Incredibly childish and immature, yet strangely awesome and wonderful...
:biggrin:


----------



## Tau22 (Apr 27, 2009)

Awesome and wonderful, indeed!
The links are in the topic, 'Question about Ferrus Manus'. But I shall spare you the clicking through pages and just give you two links:

Here is a link to their main article:
Link Removed

And this is one of their most famous characters, Commissar Fuklaw:
Link Removed

I am not posting those pics again...


----------



## Lupercal101 (Jan 26, 2009)

yeah, there pretty awesome. I am gonna convert my Imperial Fist into them, thats gonna look awesome. I am gonna put Commisar Fuklaw in as well, i am probly gonna modify Yarik to do him. ALWAYS ANRGY, ALL THE TIME!!!!!!!!!!!!!!!!!!!!!!!!!!!!!!!


----------



## Tau22 (Apr 27, 2009)

Good luck with that, mate!
Hope you find some Pretty Marines to crush under your powah feet!


----------



## air (May 11, 2009)

amazing can you dou the same with other armies orks, guard or tau even?


----------



## Qualtor (May 21, 2009)

I seriously lol'd at that , what a paint job :O!


----------



## NerdyOgre254 (Jul 16, 2008)

The best picture is one of an Angry Marine sticking an Angry Marine banner pole up a Berserker's Rectum, while shouting "WHERE IS YOUR GOD NOW?!?!?"


----------



## Galahad (Dec 21, 2006)

Just a word of warning, the Angry Marines come from the dank recesses of 4chan and as such are both funny and, potentially, very offensive. The articles and some of the images contain a lot of particularly bad language and potentially offensive slurs, and much of the content on the linked site isn't suitable for work or small children. 

We do not encourage linking to 4chan or 4chan affiliated sites (such as ED or 1d4chan wikis), because the content is largely offensive and in generally poor taste. I was thinking about leaving the links up, but after re-reading the articles I decided to remove them. We don't want GW Legal coming at us with violations of their morals clause.
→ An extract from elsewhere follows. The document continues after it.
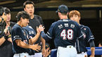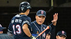 [OSEN=포항, 이석우 기자] 6일 포항야구장에서 2023 신한은행 SOL KBO리그 삼성 라이온즈와 두산 베어스의 경기가 열렸다. 두산 베어스 이승엽 감독이 9회초 좌월 솔로 홈런을 친 허경민을 반기고 있다. 2023.07.06 / foto0307@osen.co.kr

If you have a thick skin, feel free to search for the articles on your own. Googling 'Angry Marines' should get you to the article that was linked, but we don't want it linked with Heresy. I realize this makes us look like terrible killjoys, but it's that or risk GW shutting us down for devaluing their brand. Hope everyone understands.


----------